The design of validphys 2


The objective of this page is to explain the high level considerations underpinning the design of validphys 2, and of reportengine [Kas19], the code it is based on. It should be useful for anyone aiming to understand the general philosophy and design goals of the project or take in in qualitatively different directions. More concrete information on how to use the code can be found in the sections under Using validphys.

Some specific issues of scientific code

There are some characteristics of typical scientific programs that are rather specific to them. A program aiming to optimize the workflow of a scientific collaboration should be designed with those in mind. Some of these characteristics make work easier compared to other types of programs like text editors or games. In general the runtime execution can be made simpler because user interactivity is not required. On the other hand we need easy access to all parts of the code, since we never know which parts might be subject to changes. That’s the whole point of research!

We now proceed to list these characteristics in more detail.

Lack of interactivity

Typically programs such as report generators, fitting codes, or simulations are entirely determined by the initial user input together with perhaps some random source and environment events like which replicas failed. We typically don’t make network connections in the middle of fits, don’t wait for the user to be pushing buttons. In many instances it is possible to know about the amount of resources such as memory that a scientific program is going to require shortly after running it.

Changing structure

It happens often that the hardcoded parameter you are optimizing becomes the next object of research. Scientific code should make as little assumptions as possible on how it is supposed to run, while managing to get by and produce some results. This somewhat upsets the balance of trade-offs compared to other kinds of programs. We are willing to trade some increased complexity for the ability to look under the hood.


Non trivial scientific programs can rarely be assembled exclusively by putting together external components without adding anything of our own. That typically consists on unspecified, or at best, underspecified algorithms that are difficult to test in isolation.

Design considerations

Look before you leap

A scientific program usually requires a large set of complex input parameters and can take a very long time to produce results. Results tend to be frequently unexpected even if everything is working correctly. It is essential to check that the inputs are correct and make sense. Thus good error reporting capabilities are an important design consideration.

Also, the inputs of a given function should be checked as early as possible, which is not necessarily at the point of the program where the function is to be called. For example, something like this:

def check_parameter_is_correct(parameter):

def plot(complex_calculation, parameter):
    #make plot

has the disadvantage that in order to get to the check, we presumably need to compute complex_calculation first, and that could be a waste of time if it turns out that parameter is not correct for some reason and we can’t do the plot anyway. Instead we should arrange to call check_parameter_is_correct(parameter) as early as possible (outside the plotting function) and show the user an informative error message.

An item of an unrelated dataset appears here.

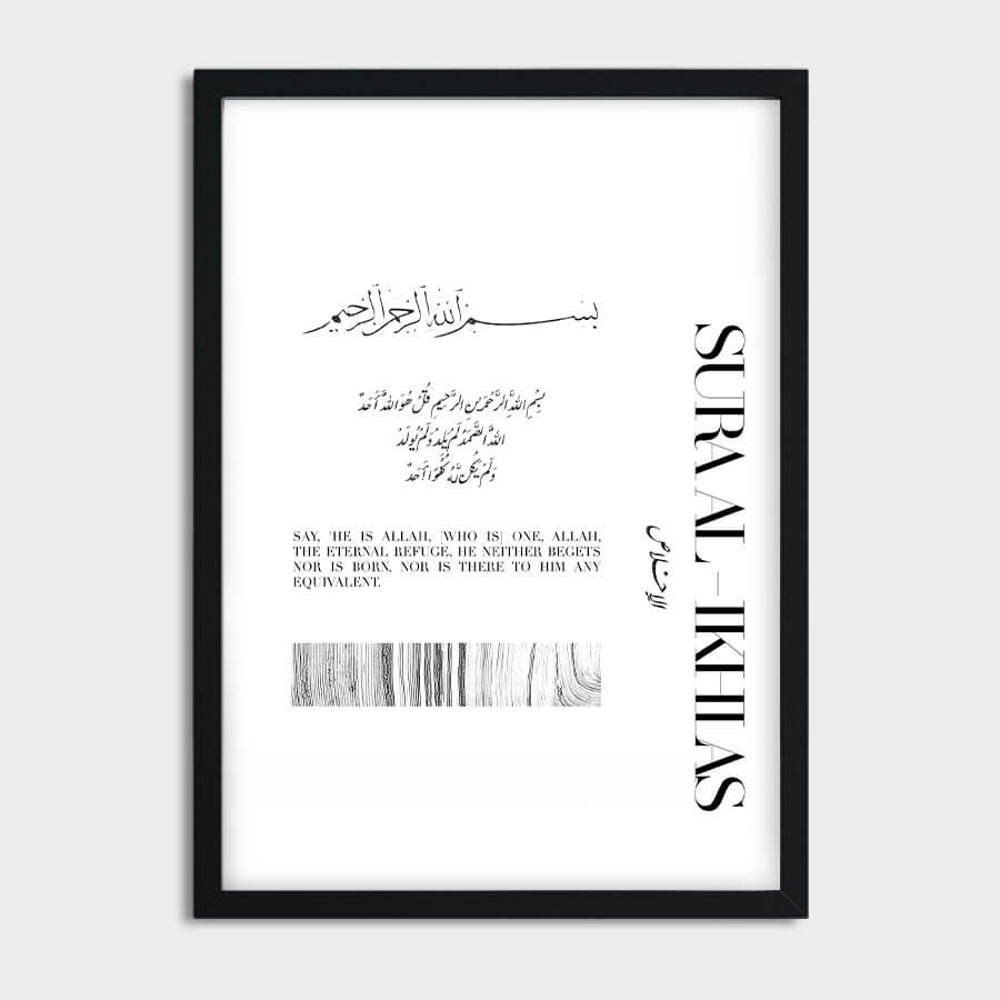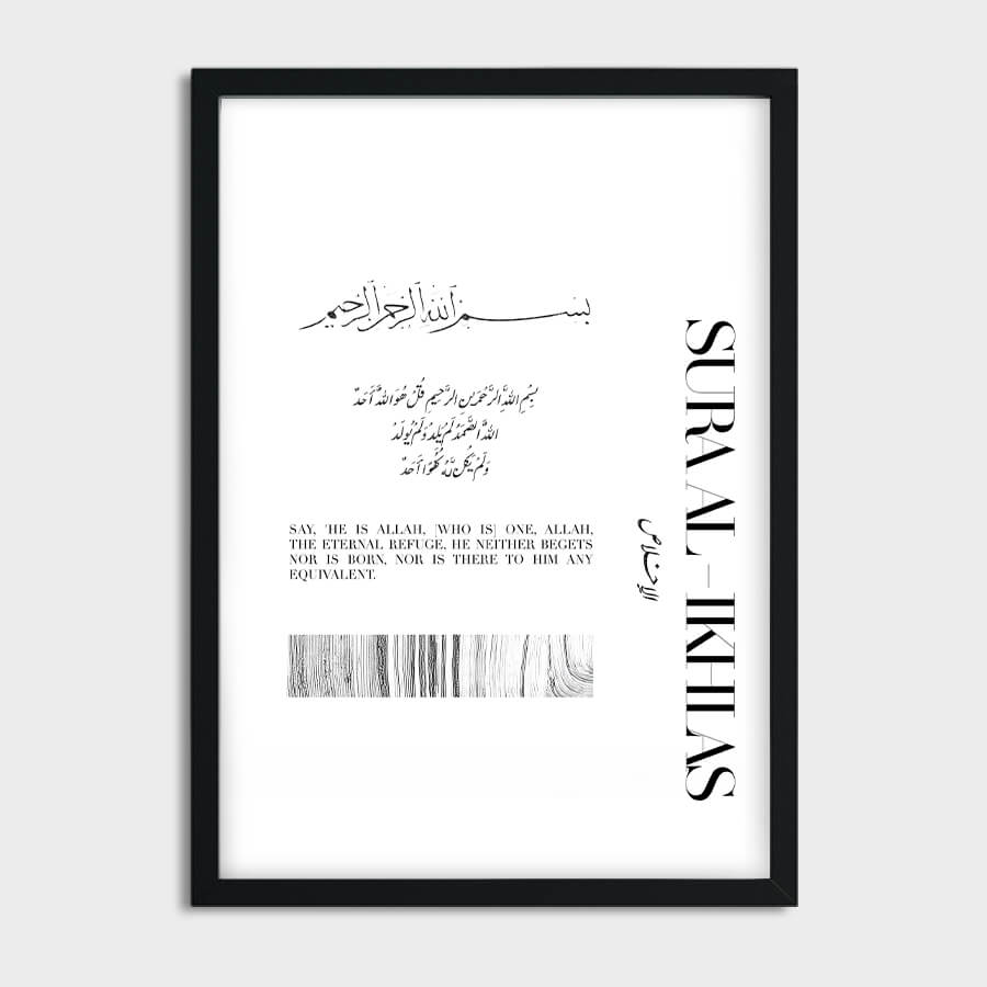 Introducing the Surah Ikhlas Poster, a refined expression of faith and artistry that seamlessly merges spirituality with sophisticated design. Captured in elegant Arabic calligraphy, this piece epitomizes the essence of devotion and oneness with the Divine, offering a serene ambiance to any space it graces.

All inputs should be checked as early as possible. If the checks pass, the program should not fail.

Of course it is impossible to guarantee that this is always going to happen. For example it is possible that we check that a folder exists and we have permissions to write to it, but by the time we actually need to write, the folder has been deleted. However in such cases the state of the program can be considered broken and it’s OK to make it fail completely.

There is an API for early checks in reportengine. We would write something like:

def check_parameter_is_correct(parameter):

def plot(complex_calculation, parameter):
    #make plot

The checking function will now be called as soon as the program realizes that the plot function will be required eventually (at “compile time”). The user would be shown immediately an error message explaining why the parameter is wrong.

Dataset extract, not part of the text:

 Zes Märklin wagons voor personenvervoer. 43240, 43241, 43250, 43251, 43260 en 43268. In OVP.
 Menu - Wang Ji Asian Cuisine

The fancy term for this style of coding is Contract Programming.

Declarative input

It is convenient to be able to specify the what the program should do without any regard of knowledge of how that is achieved by the underlying implementation. The primary input of validphys are YAML run cards. A very simple one looks like this:

     - NNPDF40_nlo_as_01180
     - NNPDF40_nnlo_as_01180
     - NNPDF40_nnlo_as_01180_hessian

    normalize_to: NNPDF40_nlo_as_01180

    Q: 1
    flavours: [up, down, gluon]

    Q: 100
    scale: linear

    - first::norm plot_pdfreplicas
    - first plot_pdfs
    - second plot_pdfreplicas

This has a number of advantages:

Correct by definition

A declarative input specifies what you want. It is up to the underlying code to try to provide it (or fail with an informative message).

Clear meaning

It is easy for a human to verify that the input is indeed what it was intended. Even without any explanation it should be easy enough to guess what the runcard above does.

Implementation independent

The input is very loosely coupled with the underlying implementation, and therefore it is likely to remain valid even after big changes in the code are made. For example, in the runcard above, we didn’t have to concern ourselves with how LHAPDF grids are loaded, and how the values of the PDFs are reused to produce the different plots. Therefore the underlying mechanism could change easily without breaking the runcard.

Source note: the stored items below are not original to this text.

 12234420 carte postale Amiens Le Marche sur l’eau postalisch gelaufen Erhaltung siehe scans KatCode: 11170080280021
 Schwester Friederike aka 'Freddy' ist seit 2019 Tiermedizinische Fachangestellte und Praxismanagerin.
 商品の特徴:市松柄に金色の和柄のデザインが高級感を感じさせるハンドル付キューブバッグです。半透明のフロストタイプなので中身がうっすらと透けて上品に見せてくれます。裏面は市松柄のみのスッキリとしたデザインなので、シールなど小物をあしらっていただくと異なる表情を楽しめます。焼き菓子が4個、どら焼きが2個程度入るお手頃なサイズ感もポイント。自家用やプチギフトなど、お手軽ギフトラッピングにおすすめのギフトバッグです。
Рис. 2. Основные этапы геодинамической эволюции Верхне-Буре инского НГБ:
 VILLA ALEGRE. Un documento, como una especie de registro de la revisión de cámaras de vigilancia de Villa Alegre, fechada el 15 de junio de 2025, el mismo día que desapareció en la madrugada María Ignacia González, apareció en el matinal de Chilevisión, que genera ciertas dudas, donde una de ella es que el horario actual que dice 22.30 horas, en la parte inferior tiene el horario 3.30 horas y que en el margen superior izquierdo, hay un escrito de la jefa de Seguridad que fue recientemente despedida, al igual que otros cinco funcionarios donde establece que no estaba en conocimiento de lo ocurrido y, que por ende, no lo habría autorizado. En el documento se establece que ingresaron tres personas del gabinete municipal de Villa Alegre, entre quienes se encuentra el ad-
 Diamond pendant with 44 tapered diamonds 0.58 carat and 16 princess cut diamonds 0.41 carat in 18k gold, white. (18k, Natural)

Usage as a programmatic API

While the goal of reportengine is to allow simple and easily repeatable bach actions, sometimes it is far simpler to get the work done with a raw (Python) script, or it is needed to explore the outcomes using something like an Jupyter notebook. It would be good to be able to use all the tools that already exist in validphys for that, without needing to reinvent the wheel or to alter functions so that for example they don’t write data to some preconfigured path.

Therefore The various computing and plotting tools should work well when included in a normal script that doesn’t use the reportengine graph compiler.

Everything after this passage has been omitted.